Department of Computer Applications, University College of Engineering (BIT Campus), Anna University, Tiruchirappalli, 620024, India.
Department of Electrical and Electronics Engineering, University College of Engineering (BIT Campus), Anna University, Tiruchirappalli, 620024, India.
J Med Syst. 2019 May 24;43(7):201. doi: 10.1007/s10916-019-1297-2.
Statistical classifier and good accuracy is an essential part of the research in medical data mining. Accurate prediction of lung cancer is an essential step for making effective clinical decisions. After identifying the lung cancer, minimum scopes are available in the medications for patient living in the world. Hemoglobin level and TNM stage wise patients survival period has to be varied. Some group of people survival period is minimal and another group of people survival time is lengthy. This study is aimed to develop a prediction model with new clinical variables to predict lung cancer patients. It's based on revised 8th edition study of TNM in lung cancer. These new attributes are collected from SEER databases, Indian cancer hospitals and research centers. The collected new attributes are classified using supervised machine learning algorithms of linear regression, Naïve Bayes classifier and proposed algorithms of Gaussian K-Base NB classifier. In particular, for TNM stage 1 group of people with normal hemoglobin level (NHBL), that group of lung cancer patient quality of life is highly enhanced. Which proved by using supervised machine learning algorithms. The proposed algorithm classified the database in terms of with respect to tumor size and HB level and the results are confirmed in the R environment. The continuous attribute classification method to prove first level of TNM in lung cancer patient along with standard hemoglobin has to be maintained that the people survivability rate is higher than the smaller level of hemoglobin people survival rate. The Gaussian K-Base NB classifier is more effective than the existing machine learning algorithms for lung cancer prediction model. The proposed classification accuracy has measured using ROC methods.
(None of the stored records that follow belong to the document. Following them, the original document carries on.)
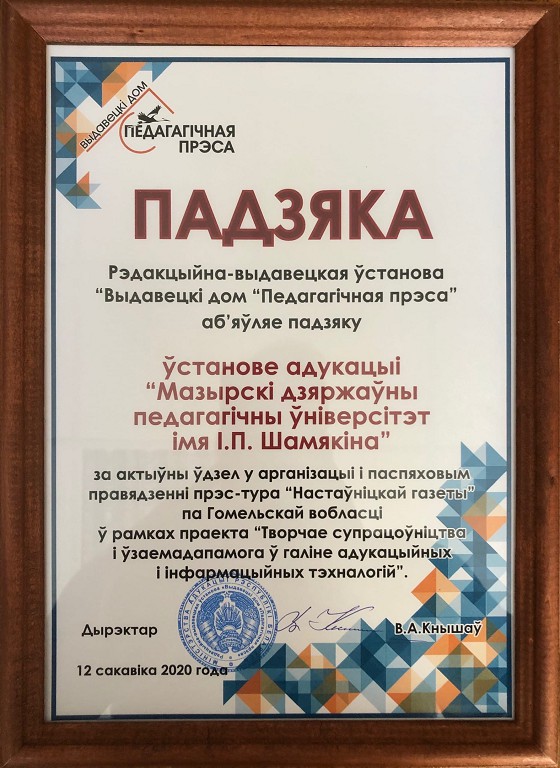 По окончании встречи от всей делегации участников пресс-тура, директор  Редакционно-издательского учреждения «Издательский дом «Педагогическая пресса» В.А. Кнышев вручил коллективу работников УО МГПУ имени И.П.Шамякина благодарность за активное участие в организации и успешном проведении пресс-тура «Настаўніцкай газеты» по Гомельской области в рамках проекта «Творческое сотрудничество и взаимопомощь в области образовательных и информационных технологий». По итогам встречи определены перспективы сотрудничества.
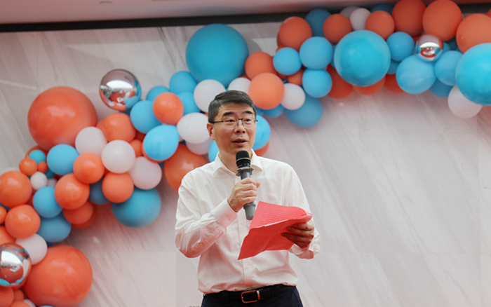 韩新伟发表致辞,他首先代表球速(中国)控股全体员工,感谢大家一路以来的陪伴与支持。岁月不居,奋斗不止,新园区,新气象,新征程。韩新伟指出,此次乔迁,是一场恰逢其时的变迁,为球速(中国)的未来发展打开了更加宽广的空间。球速(中国)控股业已开启了新一轮持续快速增长的新周期,入驻浙农科创园,必将成为球速(中国)实现“从优秀到卓越”的新跨越的舞台。
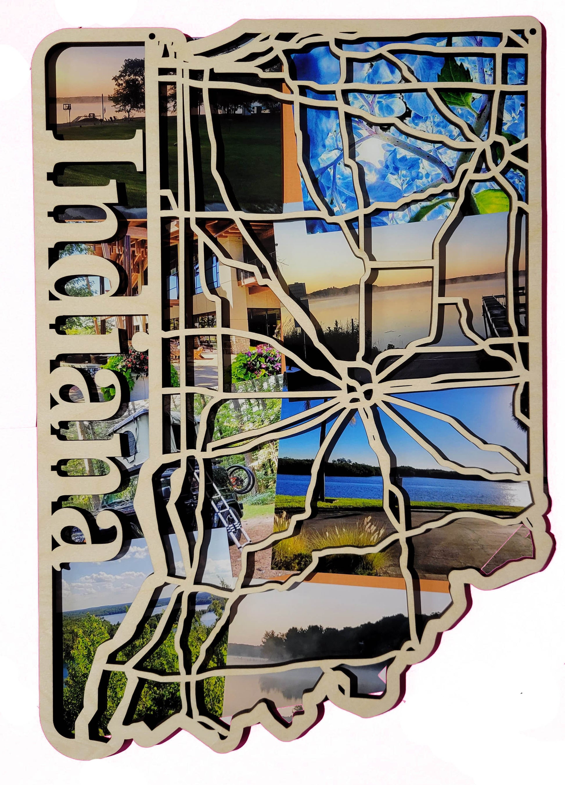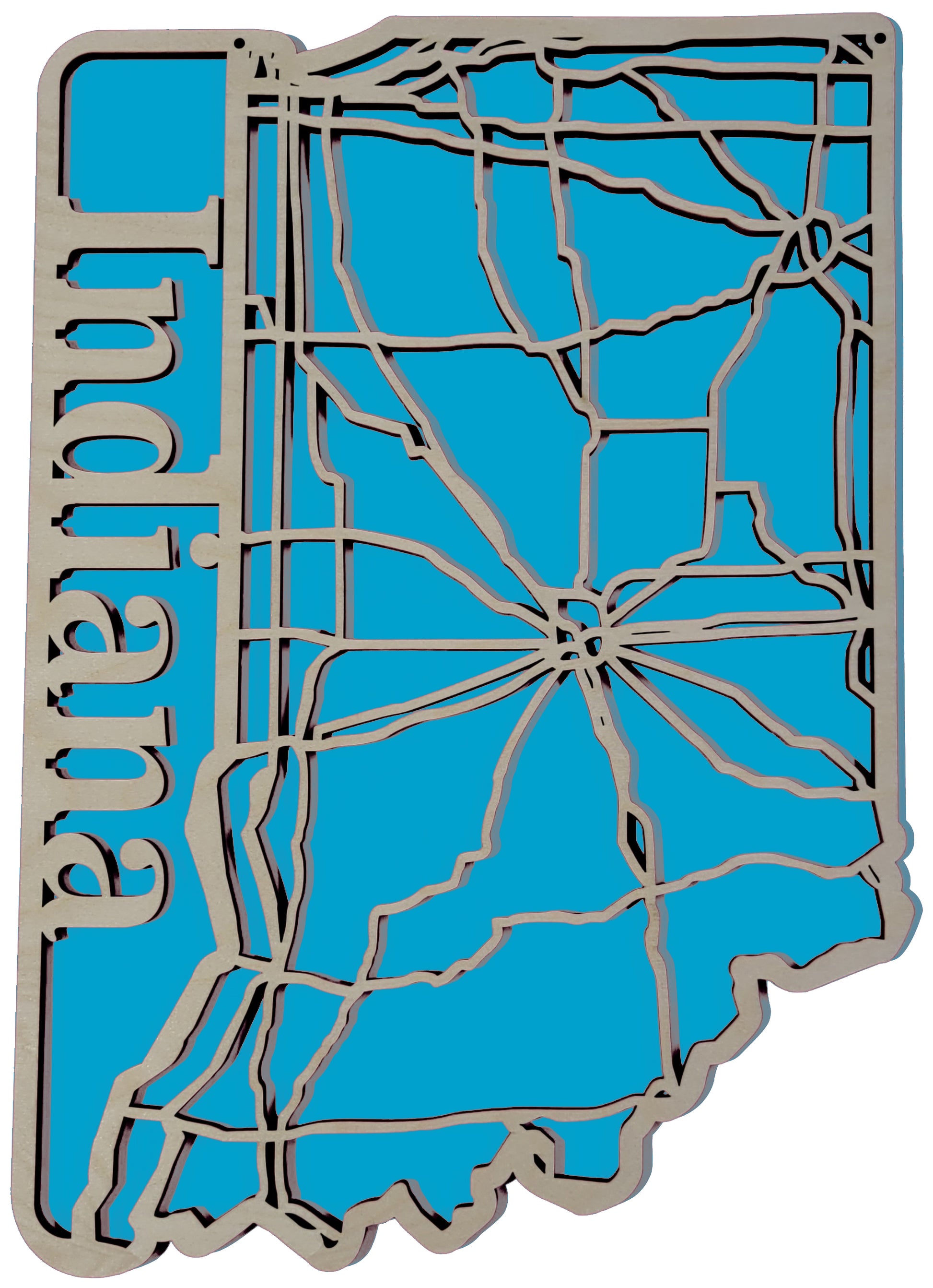 Show your home state some love with this unique Indiana State Road Map. Crafted from 1/4 inch wood, it highlights the main roads of Indiana in a stylish way.

统计分类器和良好的准确性是医学数据挖掘研究的重要组成部分。准确预测肺癌是做出有效临床决策的重要步骤。在确定肺癌后,世界范围内患者可用的药物治疗范围很有限。根据血红蛋白水平和 TNM 分期,患者的生存时间会有所不同。某些人群的生存时间最短,而另一部分人群的生存时间较长。本研究旨在开发一种具有新临床变量的预测模型,以预测肺癌患者。它基于肺癌第 8 版 TNM 修订版研究。这些新属性是从 SEER 数据库、印度癌症医院和研究中心收集的。使用线性回归、朴素贝叶斯分类器和高斯 K-基 NB 分类器的监督机器学习算法对收集到的新属性进行分类。特别是对于血红蛋白水平正常(NHBL)的 TNM 分期 1 组人群,通过使用监督机器学习算法证明了这一组肺癌患者的生活质量得到了极大的提高。该算法根据肿瘤大小和 HB 水平对数据库进行了分类,并在 R 环境中得到了验证。要证明肺癌患者第一级 TNM 与标准血红蛋白一起保持连续属性分类方法,那么人们的存活率就会高于血红蛋白水平较低的人群的存活率。与现有的机器学习算法相比,高斯 K-基 NB 分类器对肺癌预测模型更有效。使用 ROC 方法测量了建议的分类准确性。